James Knight writes:
The comment
"
# Set IMAP_USELOCKS to 1 if you experience weird problems when using IMAP
# clients that open multiple connections to the server. I would hope that
# most IMAP clients are sane enough not to issue commands to multiple IMAP
# channels which conflict with each other.
"
is actually somewhat disingenuous as it says that clients have to issue
conflicting commands in order to be messed up. However, just having two
sessions issue NOOP commands simultaneously while having the same mailbox
selected counts as conflicting by this definition, and that is certainly
not something I would think of to protect against as a client writer!

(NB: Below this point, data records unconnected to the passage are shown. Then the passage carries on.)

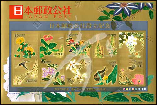 庆祝日本邮政公团改革系列一,酒井抱一绘制《四季花鸟图卷》不干胶小版张(11票)(我社已售缺)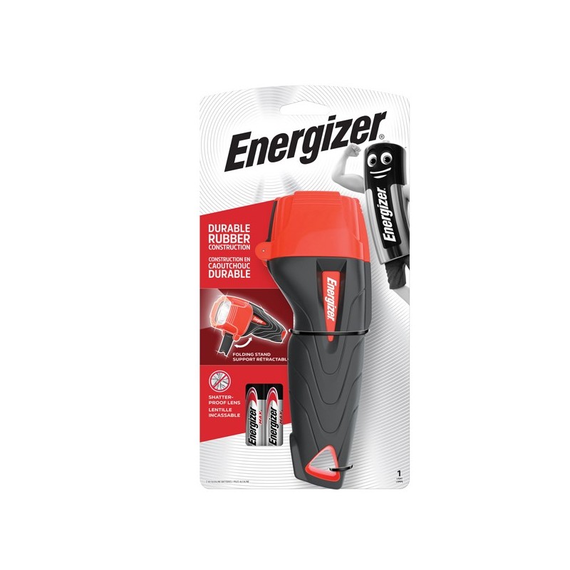 Torcia dotata della luminosa tecnologia LED e di una durevole struttura ergonomica. Include un'impugnatura testurizzata in gomma antiscivolo per maggiore ergonomia e durata. Munita di comodo supporto incorporato, consente l'utilizzo a mani libere quando necessario. Il cinturino la rende facile da fissare e il robusto interruttore a pulsante è progettato per durare nel tempo. La soluzione di illuminazione per il fai-da-te definitiva, con prestazioni e affidabilità eccellenti per tutti i tipi di applicazioni. Incluse 2 batterie AA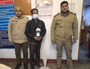 पुलिस टीम द्वारा चेकिंग के दौरान समाज कल्याण विभाग रोड पर अभियुक्त हेमू लाल पुत्र मोती लाल निवासी पंचायत घर कॉलोनी रामपुर रोड हल्द्वानी नैनीताल को 45 पाउच कच्ची शराब की तस्करी करते हुए गिरफ्तार किया गया।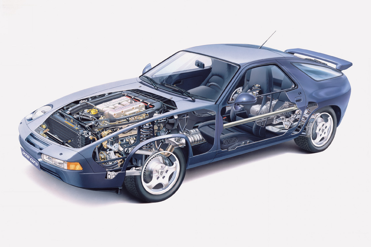 Respecto a las anteriores versiones, lo más llamativo era que el poderoso V8 había incrementado su carrera en 7mm para incrementar la cilindrada de 4,5 a 5,4 litros. Este aumento de capacidad, sumado a un aligeramiento de los elementos móviles del motor permitía llegara a los 350 caballos pero, sobre todo, permitía conseguir una curva de par muy plana que, en su pico, llegaba a unos brutales 500 Nm. Con esto se paliaba uno de los puntos menos favorables del primer 928, cuya respuesta a bajas revoluciones no era especialmente brillante. Ahora el 928 disponía de un motor que, entre 1.000 y 6.000 revoluciones, empujaba como un demonio y parecía no acabarse nunca… Esto quedaba reflejado en unas aceleraciones de cero a 100 kilómetros por hora por debajo de los seis segundos, lo que, para la época, no estaba nada mal.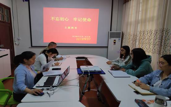 最后,向明钧书记就如何落实好不忘初心、牢记使命主题教育学习效果做了总结。支委会委员郭梦瑶老师、张惠娟老师纷纷表示会带头学习,深入贯彻落实不忘初心、牢记使命主题教育精神。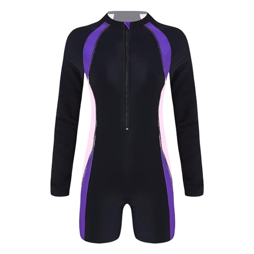 inhzoy Dam surfbaddräkt kort/långa ärmar sport baddräkt badkläder med ben simoverall badkläder strandmode, Lila och rosa K, XXL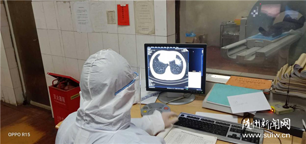 CT室主任高雄已经50多岁,因为每天要看成千上万张CT图像,早已带上了老花镜;老专家韩铁烈,平时就有高血压,马上就要退休了,可他俩依然不辞辛劳,坚持上着夜班;还有张义兵、余津津、余璨、刘弈杉、李晓明等医护人员,他们每天身着完全密封的防护服,厚重的护目镜,紧的能把鼻梁勒出血的N95口罩,不停的在机房和操作台前来回穿梭工作。在紧张的环境里,为了让病人能早点做检查并尽快得到准确的CT报告,为了节省时间,也为了节约身上穿戴的防护设备,科室工作人员都是六个小时以上不喝水不吃饭,不上厕所,时刻绷紧着弦,没有丝毫的放松。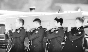 之后,这些灵柩被缓缓地放入40部灵车中,之后灵车出发前往希尔弗瑟姆,验尸专家将会进行正式的遗体辨别工作。这项工作有可能持续数月之久。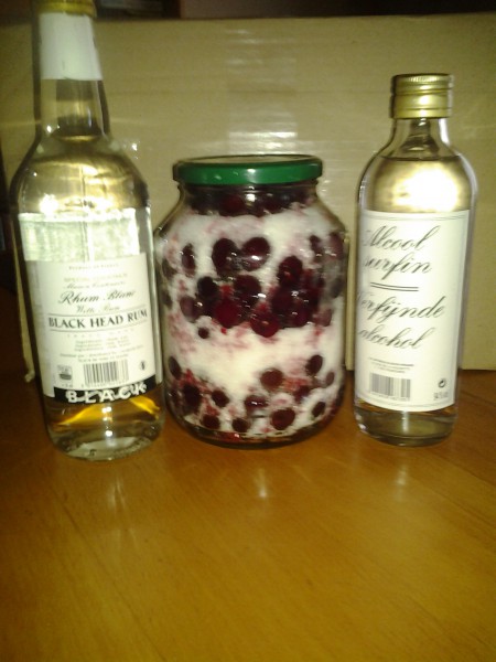 Poimittu isot tumman punaiset viimmeiset pikkaisen ylikypsät kirsikka purkkiin. Sokeri löytyi kaapista, mutta ei valkoista rommia eli kaupassa pitää pistäytyä.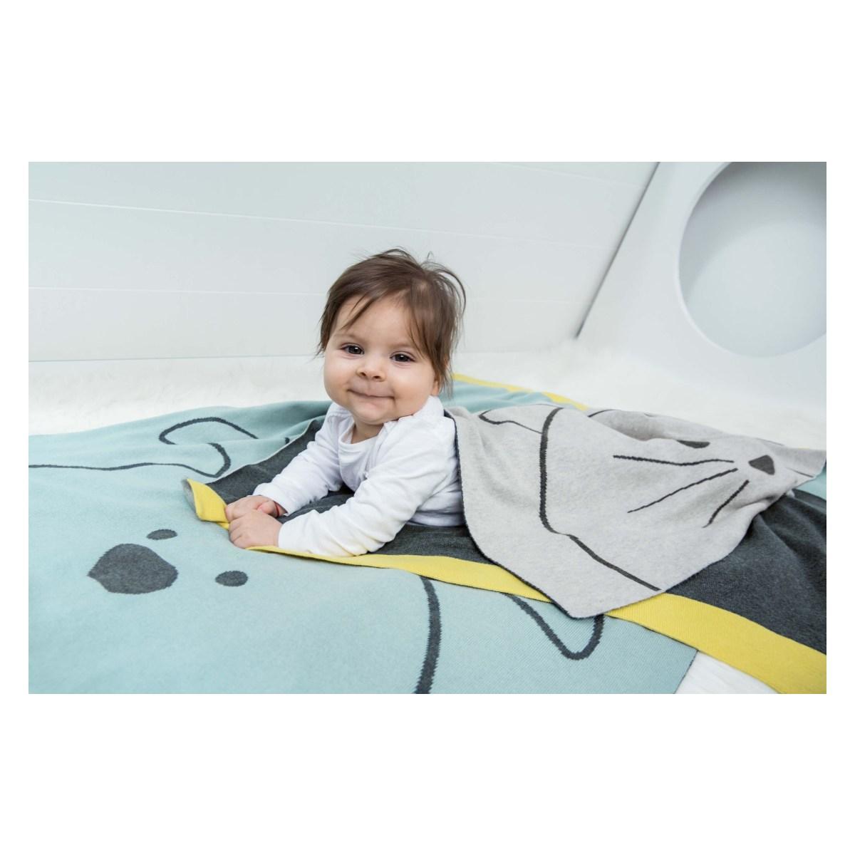 LÄSSIG dekica Gots GOTS, Little Chums Cat, 75 x 100 cm grey 1542005108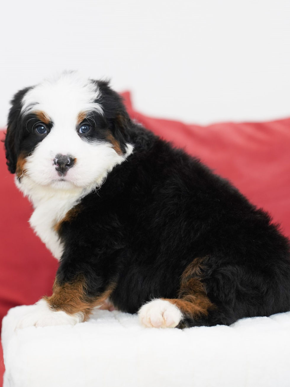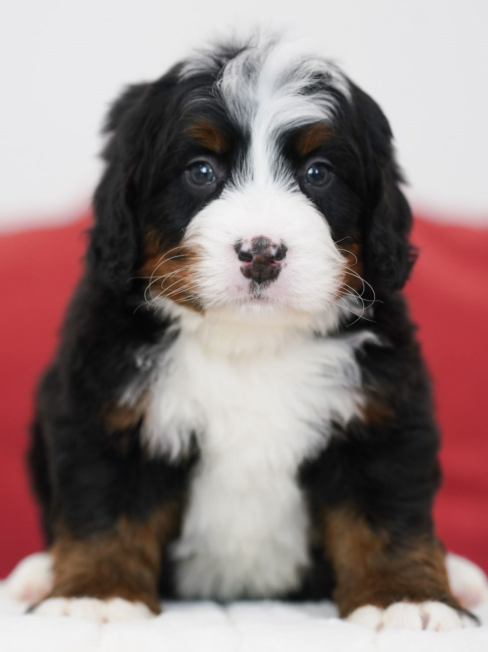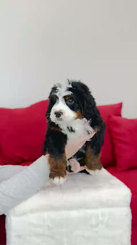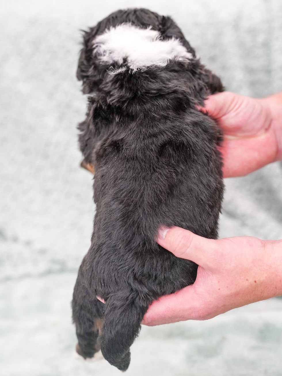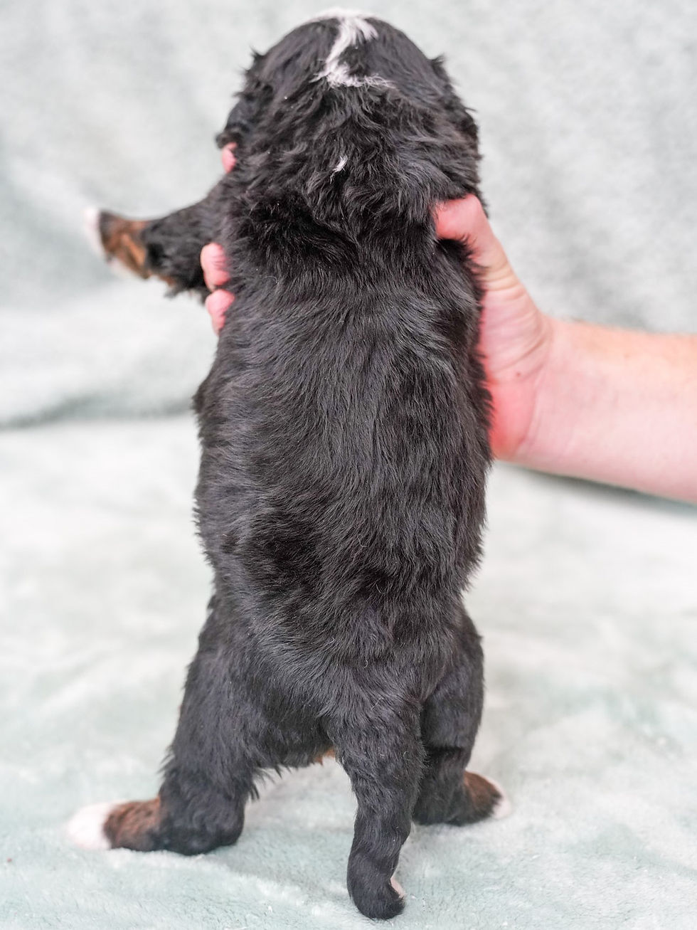 Expected adult weight 50-70Ibs, averaging 60Ibs. Soft textured, straight to loose wavy coat expected at maturity. These puppies are considered Medium Ultra Bernedoodles. Genetically, approximately 32% poodle and 68% Bernese Mountain Dog. Especially in larger breeds, females generally mature smaller than males.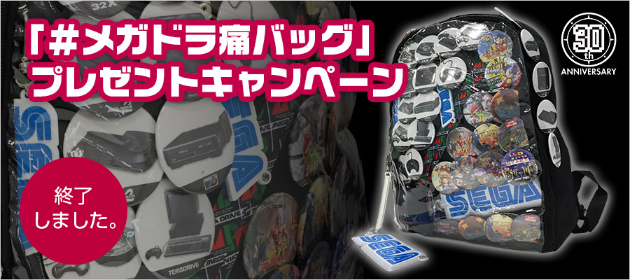 メガドライブ30周年記念!本キャンペーン期間中、セガ公式Twitterアカウント@SEGA_OFFICIALをフォローして、指定の応募用ツイートをリツイートした方の中から抽選で、1名様に「#メガドラ痛バッグ」をプレゼント!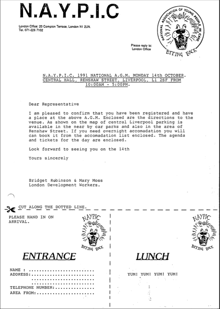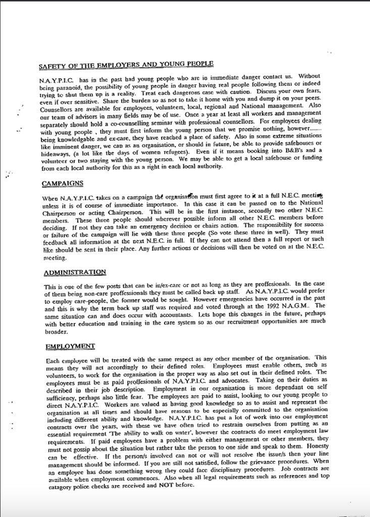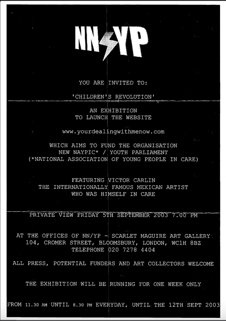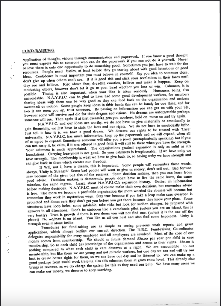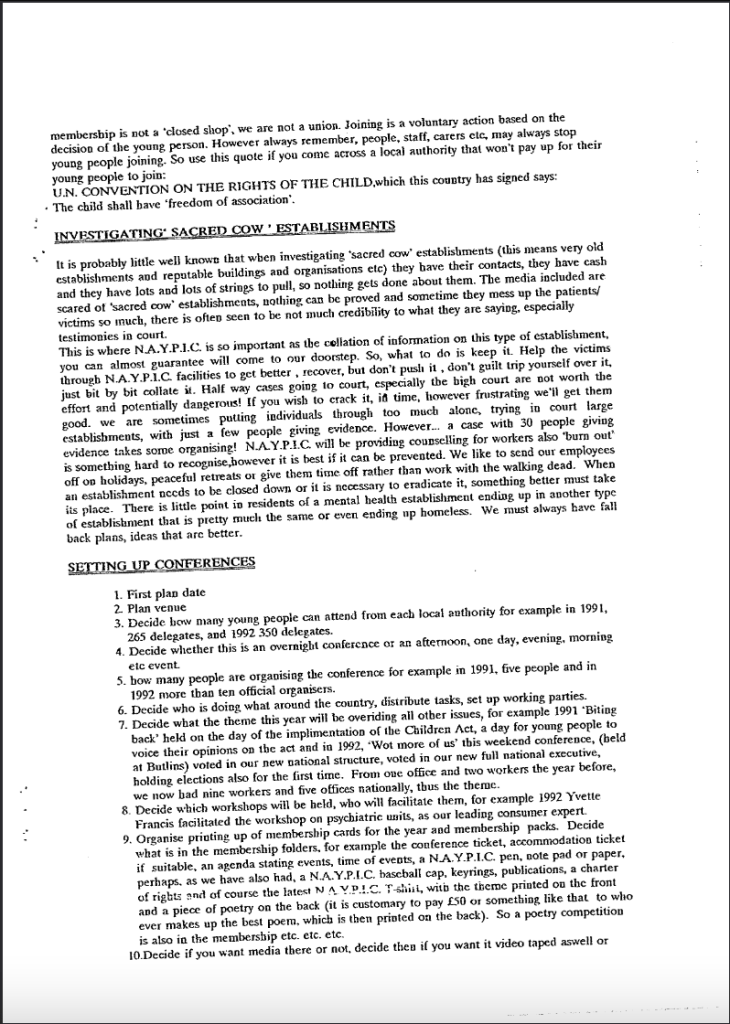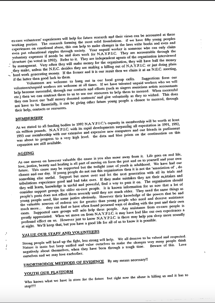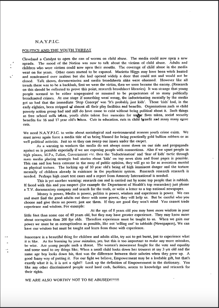 1993 Implementation of New NAYPIC / Youth Parliament. Expansion from young people in care to all children in the UK 12 million children, hence a Youth Parliament, led by victims and survivors in care. The day had 1100 young people in care attend at Stucley Street, Camden Town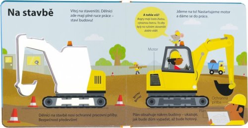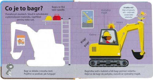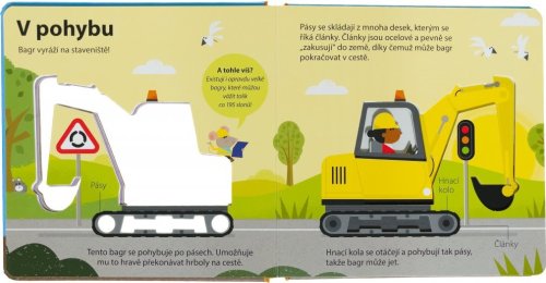 Proč je bagr tak užitečný? A z jakých dílů se skládá? Leporelo pro malé stavaře obsahuje ilustrace s výřezy a jednoduché, základní informace o bagrech.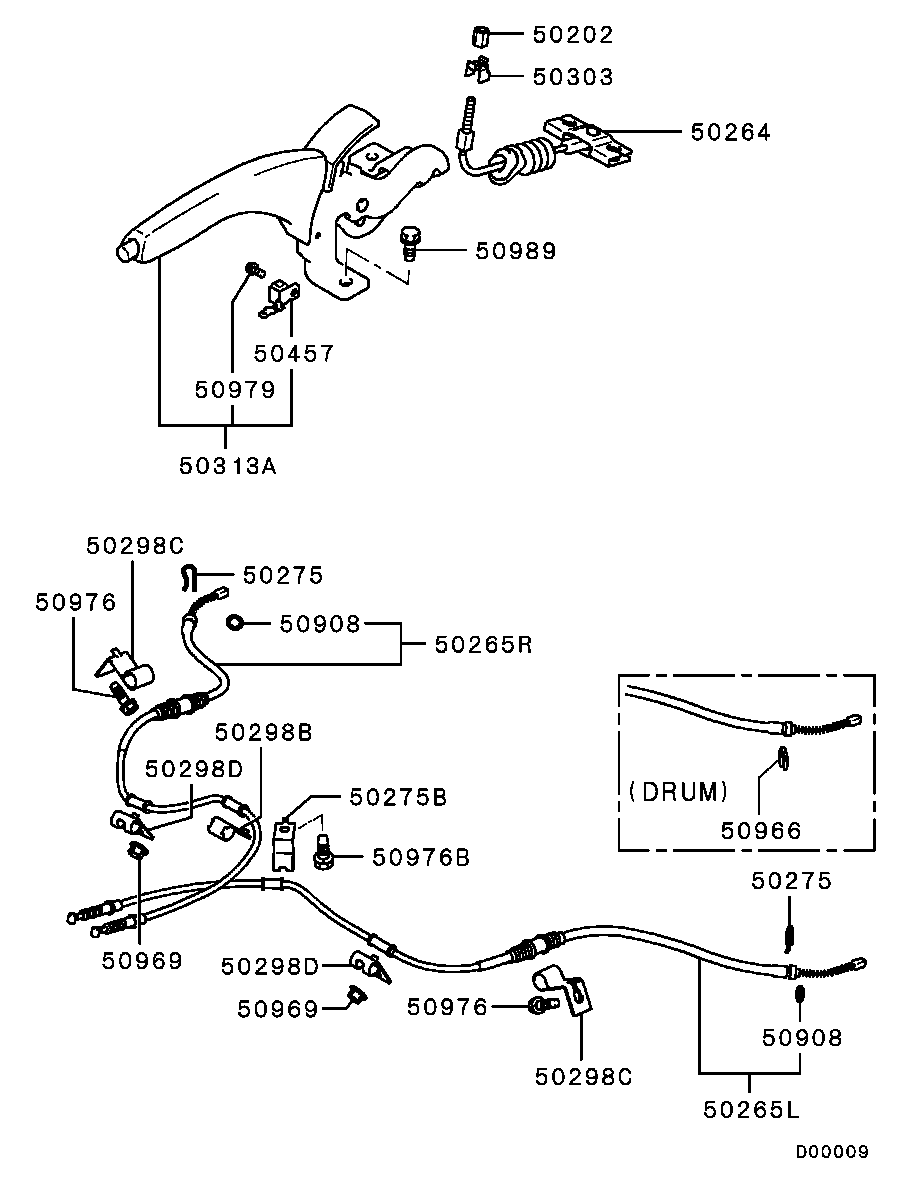 Трос правый стояночного, ручного тормоза
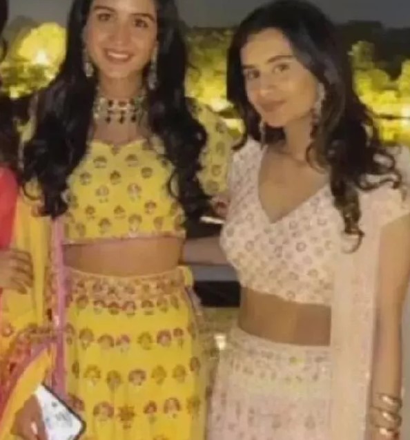 Radhika Merchant was seen posing with janhvi kapoor at her friend's wedding and looked beautiful in a yellow lehenga.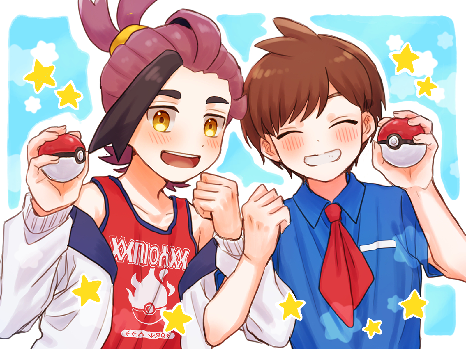 2boys arms_locked black_hair blue_shirt blush brown_hair clenched_hand closed_eyes collared_shirt colored_inner_hair commentary_request facing_viewer florian_(pokemon) gen_8_pokemon hair_tie hair_tied hair_tied_up hand_up happy highres holding holding_poke_ball jacket kieran_(pokemon) looking_at_viewer loose_hair_strand male_focus mochi_(mocchi_p_2m) multicolored_hair multiple_boys necktie nintendo off-shoulder_jacket off_shoulder open_mouth poke_ball pokemon pokemon_scarlet_and_violet purple_hair red_tank_top shirt short_hair smile star_(symbol) tank_top teeth two-tone_hair upper_body upper_teeth_only white_jacket yellow_eyes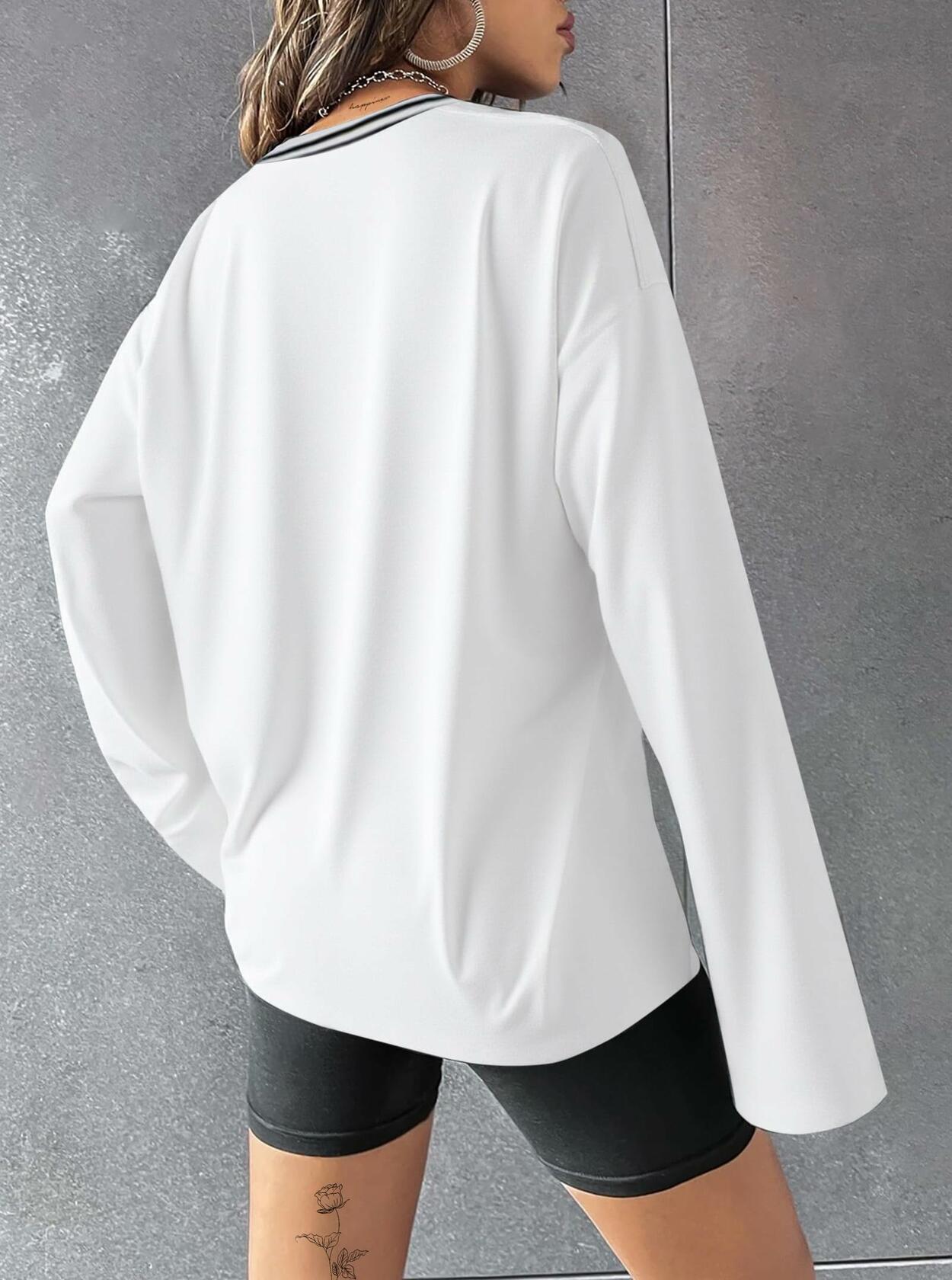Hilinker Women's Oversized Graphic V Neck Long Sleeve Tee White Red Size L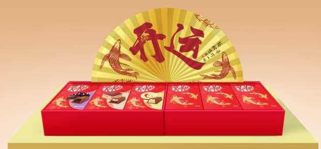 徐福记是多品类制造/销售的休闲零食巨头品牌之一,其产品包括沙琪玛、糖果、糕点、巧克力、果冻布丁五大类,利用多样品项、多元品类的优势,保持经典糖点产品外,还大力推出饼点产品,每一款都是福气满满。根据凯度的家户采购资料显示,2019年,饼点的市场规模是糖点将近4倍。主推的“聚福锦礼”综合礼箱,就是以饼点为主打的产品组合,另外还有近几年大火的芝士零食产品,内含徐福记5款芝士口味的饼点产品组合成了“好多芝士”礼罐,是市面上少有的多品类的芝士礼罐组合。在糖点上,继续以经典酥心糖和新年糖桶为主打,同时针对30-40元的空白价格带,推出了一款新品“果Q弹大福盒”,橡皮糖单包上印着6款吉祥字,可以边吃边自由组合成专属祝福,好吃又好玩。除了大众喜爱的产品外,还有走高端化的巧克力礼盒——迪拜进口奇巧开运礼盒,该礼盒加入了“盲盒“元素,盒子加上金扇造型,打开是随机的“开运、大吉、大利、暴富”的吉祥字样。

If you are a client writer, and you have two IMAP sessions opening the same
folder, then you don't know what you're doing and you should not be writing
an IMAP client in the first place.
I would like to suggest that that option be changed to be on by default
and have a comment such as
# The IMAP_USELOCKS option should almost always be enabled. Only disable
it
# if you know that you will never have two connections open accessing the
same
# mailbox at the same time. Note that some clients (notably Outlook) do
this
# by themselves in the background so you might not know its happening.
This would probably remove the #1 issue people have with Courier imap, and
make it more correct out-of-the-box.
Nobody needs IMAP_USELOCKS except people with broken IMAP clients.